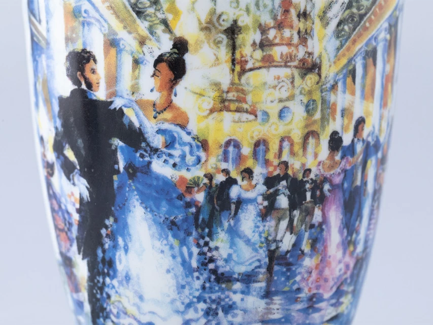 Бокал «Бал пушкинских героев» вошел в линейку фарфора из совместного проекта Императорского фарфорового завода и художника Миши Ленна. В этот раз художник решил обратиться к своей излюбленной теме – танцу, воплощенному через узнаваемых всеми персонажей. Александр Пушкин и Наталья Гончарова, погруженные в танец, олицетворяют романтику и страсть, которые пронизывают творчество поэта. Также в этот вечер среди танцующих пар можно увидеть образы персонажей из произведений Пушкина, которые словно оживают, добавляя волшебства в этот бал.
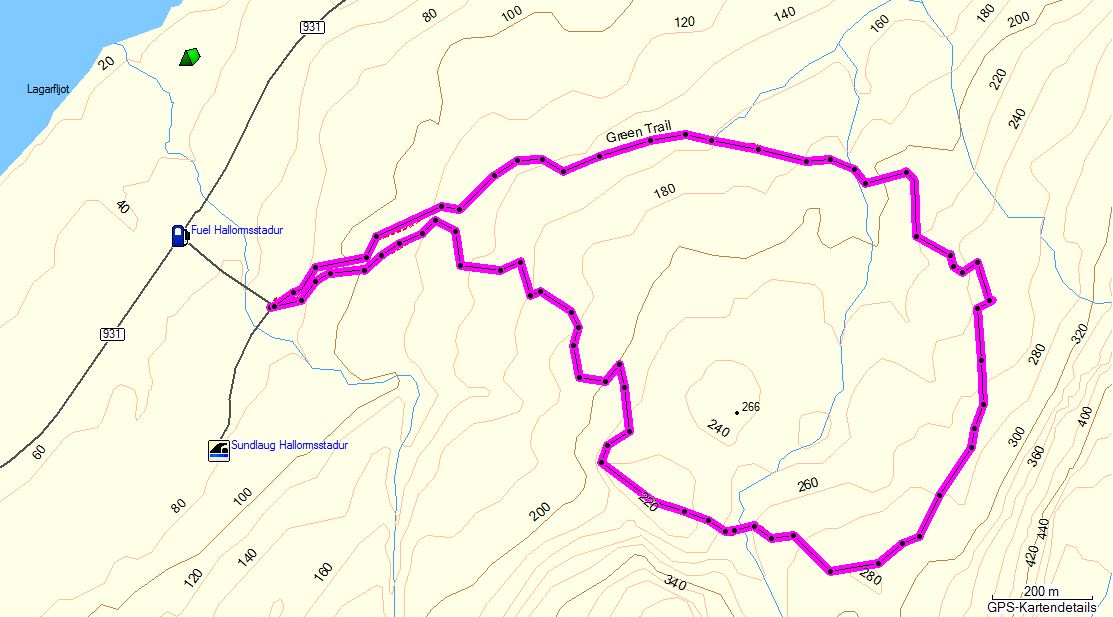 Von der Jugendherberge geht es die Straße weiter links in den Fjord, dem ersten Jeeptrail nach links oben folgen und dann immer links halten bis zum ersten Wasserfall, dem Selafoss. (nicht mehr beschildert). Danach immer am Wasserlauf entlang den anderen Wasserfällen entgegen. Es gibt einen mit Pflöcken markierten Weg, doch der beste und trockenste Pfad geht immer nahe am Bachufer entlang. Die nächsten Wasserfälle haben noch Schilder, Haifoss und Lilyfoss. Wenn man oberhalb dieser steht, sieht man auch schon die nächsten. So geht das eine ganze Weile weiter bis man nach ca. 3 Stunden am Vestdalvatn angekommen ist. Der See liegt auf 568 Höhenmeter und ist der Endpunkt der Tour. Von dort geht es wieder den selben Weg zurück, von daher ist es wichtig, sich auf dem Hinweg die Strecke einzuprägen.
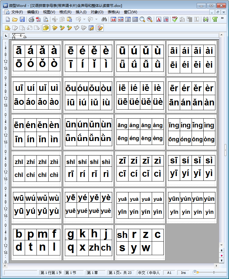 这是一份doc格式word版可供打印使用的拼音字母表——完整一点介绍的话,这是一份带声调卡片的、含声母和整体认读音节的汉语拼音字母表。相信对于幼儿园的老师们或是低年级的语文老师们来说,这份汉语拼音字母表都是十分具有实用性的——当然,家长在辅导孩子作业的时候,这份汉语拼音字母表其实也可以扮演十分重要的学习资料哦!点击本文相应的下载地址进行下载后,你就可以将这份拼音字母表归入囊中了,有需要的朋友你还在犹豫什么,快来东坡下载吧!
============
▸ Task directions
Reproduce the listing word for word. Do not carry over the pictures.

▸ Task output
 Бокал «Бал пушкинских героев» вошел в линейку фарфора из совместного проекта Императорского фарфорового завода и художника Миши Ленна. В этот раз художник решил обратиться к своей излюбленной теме – танцу, воплощенному через узнаваемых всеми персонажей. Александр Пушкин и Наталья Гончарова, погруженные в танец, олицетворяют романтику и страсть, которые пронизывают творчество поэта. Также в этот вечер среди танцующих пар можно увидеть образы персонажей из произведений Пушкина, которые словно оживают, добавляя волшебства в этот бал.
 Von der Jugendherberge geht es die Straße weiter links in den Fjord, dem ersten Jeeptrail nach links oben folgen und dann immer links halten bis zum ersten Wasserfall, dem Selafoss. (nicht mehr beschildert). Danach immer am Wasserlauf entlang den anderen Wasserfällen entgegen. Es gibt einen mit Pflöcken markierten Weg, doch der beste und trockenste Pfad geht immer nahe am Bachufer entlang. Die nächsten Wasserfälle haben noch Schilder, Haifoss und Lilyfoss. Wenn man oberhalb dieser steht, sieht man auch schon die nächsten. So geht das eine ganze Weile weiter bis man nach ca. 3 Stunden am Vestdalvatn angekommen ist. Der See liegt auf 568 Höhenmeter und ist der Endpunkt der Tour. Von dort geht es wieder den selben Weg zurück, von daher ist es wichtig, sich auf dem Hinweg die Strecke einzuprägen.
 这是一份doc格式word版可供打印使用的拼音字母表——完整一点介绍的话,这是一份带声调卡片的、含声母和整体认读音节的汉语拼音字母表。相信对于幼儿园的老师们或是低年级的语文老师们来说,这份汉语拼音字母表都是十分具有实用性的——当然,家长在辅导孩子作业的时候,这份汉语拼音字母表其实也可以扮演十分重要的学习资料哦!点击本文相应的下载地址进行下载后,你就可以将这份拼音字母表归入囊中了,有需要的朋友你还在犹豫什么,快来东坡下载吧!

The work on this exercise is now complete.